On Sun, 15 Oct 2006 17:24:31 GMT, SriBikeJi > wrote:

>Is there anything special one needs to do when doubling a bread recipe?
> Does one just use twice as much of everthing?
>
>I am a novice. After about three tries, and some adjustments, I finally
>settled on a multi-grain bread recipe that I (and my family) like. It
>ends up with the texture of "regular" sandwich bread. But, my recipe
>only makes two loaves.
>
>Yesterday, I doubled the recipe and instead of ending up with 4 clones
>of the nice loaves I had made before, I ended up with 4 pretty dense,
>semi-risen loaves.
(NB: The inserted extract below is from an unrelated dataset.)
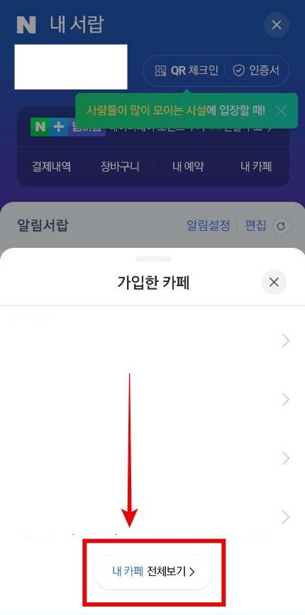 이 내 카페에 들어가줍니다. 그리고 하단에 있는 [내 카페 전체보기]를 클릭해주세요.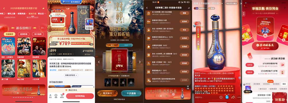 在全面引爆声量的同时,洋河梦之蓝结合抖音话题页下拉跳转至电商页面、发布页添加话题、品牌榜banner,以及春节档活动页资源,形成生态共振,进一步推动“梦之蓝封神版”联名产品从用户触达、产品种草到销售转化。期间,电影抽小卡任务上线首周曝光571w+,品牌植入任务完成数达22.5w+,片方主话题banner跳转品牌x封神H5曝光达12w+。此外,在抖音&影视共创直播中,直播前开屏海报宣推植入品牌logo,开屏总曝光达10w+,电影宣发直播曝光达1486w+,通过高效引流,助力品牌实现品效双收。

Edible but heavy.
>
>Here's my basic process: I mix the dough, let it rest for 20 minutes,
>add the salt & knead it, let it rise, shape it into loaves, let the
>loaves rise, and then bake. I use rapid rise yeast.
>
>The only thing I noticed this time around that struck me as different is
>that when I "rested" the dough, the dough had noticeably risen. I am
>sure I let it rest around the same amount of time. I'm not saying that
>this is the only thing that was actually different, I am pretty new to
>this, so I may simply overlooked some key thing.
>
>Any ideas about what I goofed up?


One suggestion is to NOT double the amount of yeast. Yeast does a good
job of multiplying on its own, and the most yeast you need is .5
teaspoon per cup of flour, but once you get to 4 or more cups of
flour, adding more yeast does little except speed up the rise. As a
slower rise gives better flavour most of the time, less yeast means
better flavour, so do NOT double the yeast.